## Exercise objective
For the records below, print the lines from the line with "- 이 단계에서는 광고그룹" through the line with "-Fresh neutral paint, recessed" exactly as written; include both end lines and exclude the rest.

## Available records

=-=-=

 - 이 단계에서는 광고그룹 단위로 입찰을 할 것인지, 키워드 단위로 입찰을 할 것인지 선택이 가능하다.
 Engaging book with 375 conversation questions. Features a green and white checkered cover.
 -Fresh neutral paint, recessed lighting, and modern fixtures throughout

=-=-=

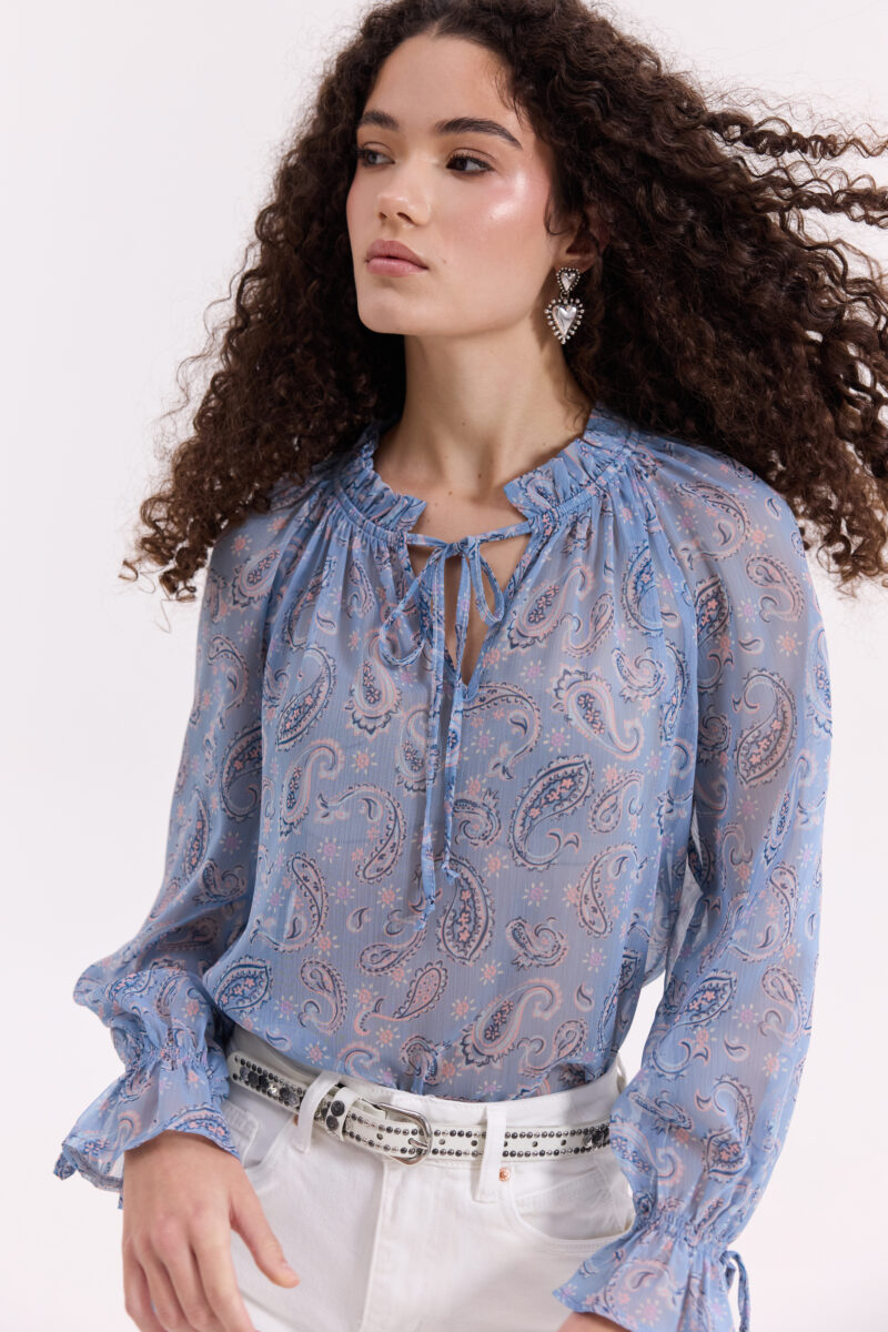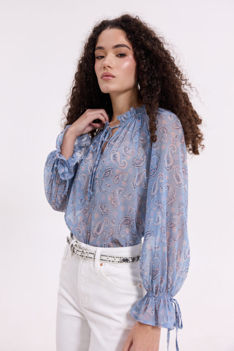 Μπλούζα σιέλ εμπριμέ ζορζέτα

=-=-=

## Result of the task
 - 이 단계에서는 광고그룹 단위로 입찰을 할 것인지, 키워드 단위로 입찰을 할 것인지 선택이 가능하다.
 Engaging book with 375 conversation questions. Features a green and white checkered cover.
 -Fresh neutral paint, recessed lighting, and modern fixtures throughout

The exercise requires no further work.